Кривцов, искоса поглядывая на нее, на мгновение умолк, стараясь казаться серьезным. Он еще не знал, как будет держать себя Кущ: так же, как в отделе кадров, неприступно и сухо, или как-то по-другому. Но Кущ посмотрела на него благодушно и даже милостиво, спросила, как бы укоряя:
– Значит, бросили нашу систему?
– Да, вышел на океанские просторы.
Кривцов оживился, улыбнулся. На лице его, где странно сочеталась девичья нежность с синевой быстро растущей жесткой бороды, обозначились ямочки.
– Я ведь поссорился с шефом, вы знаете… Вдрызг. Не хотел меня отпускать. Но я… откровенно говоря, натура у меня широкая, в аппарате мне тесно.
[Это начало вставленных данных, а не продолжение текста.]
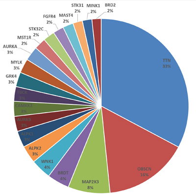 Figure 1: Genes with missense mutations. The pie chart shows kinase genes with the most number of missense mutations (with the denominator being the total number of missense mutations in all kinase genes).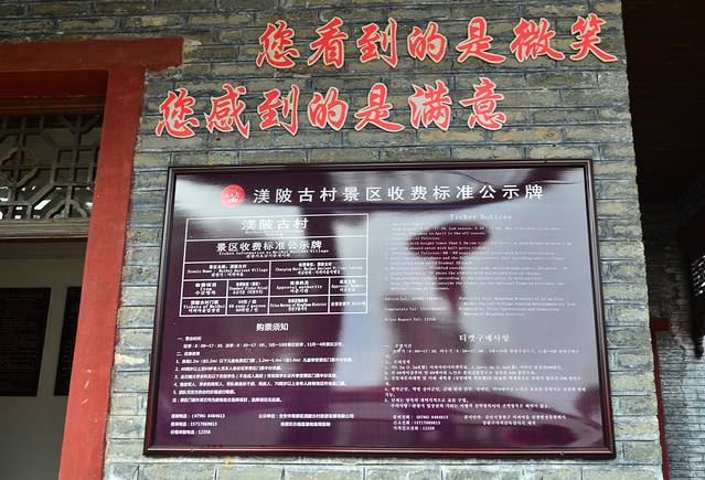 根据导航来到古村的停车场,来到一块门牌楼前才确定肯定是来对了地方了。过了这个门牌楼找到一个类似游客中心的地方仔细端详公示的价目表,没找到价格,心里窃喜以为不收费呢,结果刚要进村就被保安轰出来买票,每人60!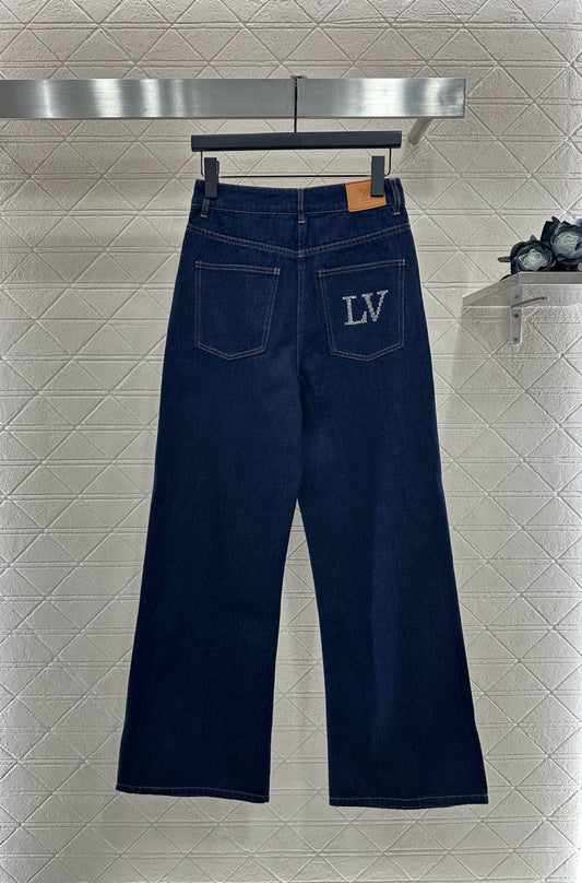 25fw Embroidered letter denim straight leg pants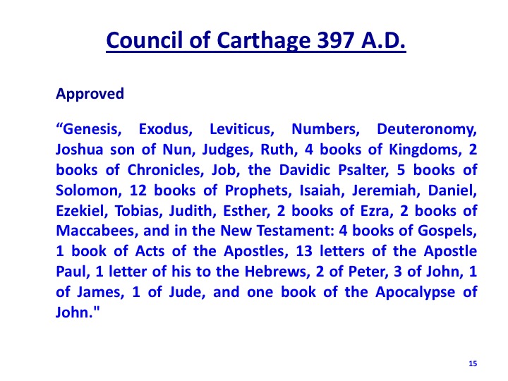 The first "official" canon came out of the Council of Carthage in the year 397. This was the canon of the old and new testaments for Christianity. It was presented without much fanfare in the reports from the Council:

Добродушное самодовольство, горделивое сознание собственной значительности, сквозившее в каждой черте Кривцова, мешали ему оставаться спокойным, незаметным. И когда поезд пошел, он снова сказал свое любимое: «Ну, тронулись-двинулись. Что остается делать бедному крестьянину? Надо закусить». Самодовольство выступало из каждой поры его существа, как выступал нежный, прозрачный жир на розовой семге, которую он достал из промасленной бумаги.
Кущ тоже взяла из сумочки свои завернутые в целлофан бутерброды с тусклой копченой колбасой, купленные на вокзале. Ефимочкин аккуратно разложил на салфетке взятую из дома снедь, стал разрезать хлеб на тонкие, ровные ломтики.
Он смущенно угощал:
– Прошу вас… тут котлетки свежие… пирожки… пожалуйста…
Кущ спросила у Кривцова:
– О чем же вы читаете лекции?
– Переключился на моральные темы… Но разработаны они у меня оригинально, не шаблонно… Я не люблю, когда все ясно, как разжеванный апельсин… Я ставлю перед собой задачу…
Вид у него вдруг стал озабоченный, напряженный, он быстро встал, перевесил на другой крючок пальто – подальше от разложенной еды, повернул его подкладкой наружу, любовно огладил мех на пыжиковой шапке и даже потрогал зачем-то «молнию» на портфеле.
– У меня склонность к обобщениям… Это мой конек… «Хобби», как говорят англичане.
Какая-то мысль осенила его, он стукнул себя по лбу и выхватил из карманчика автоматическую ручку.
– Это надо записать. Идея! Это же замечательный факт, новое явление в психологии советского человека: привязанность к своему месту работы. Колоссально! Я приведу этот пример в своей лекции, честное слово!
– Он даже похудел, Николай Павлович, на новом месте, так болел душой за Балашихинск, – рассказывал Ефимочкин. – Чудак! Писал, звонил, телеграфировал, жаловался. Ко всем приставал: «Думаете, моя Глафира переехала? И не собирается даже! Живу на холостяцком положении». Обращался к управляющему, но тот…
– Шеф не любит отменять собственные приказы, о нет! – подтвердил Кривцов. – Если сказал – все!
– Вот именно, – согласился Ефимочкин. – Но тут уж Макаров, начальник планового отдела, помог… подлил масла в огонь: подсунул сводку именно в ту минуту, когда управляющий сильно не в духе вернулся из главка.
Кущ не нравился этот разговор. Она лучше других была осведомлена, что произошло в кабинете управляющего. Управляющий согласился с Макаровым потому, что остро встал вопрос о выполнении плана всеми предприятиями без исключения, и потому еще, что повысились требования к качеству и ассортименту.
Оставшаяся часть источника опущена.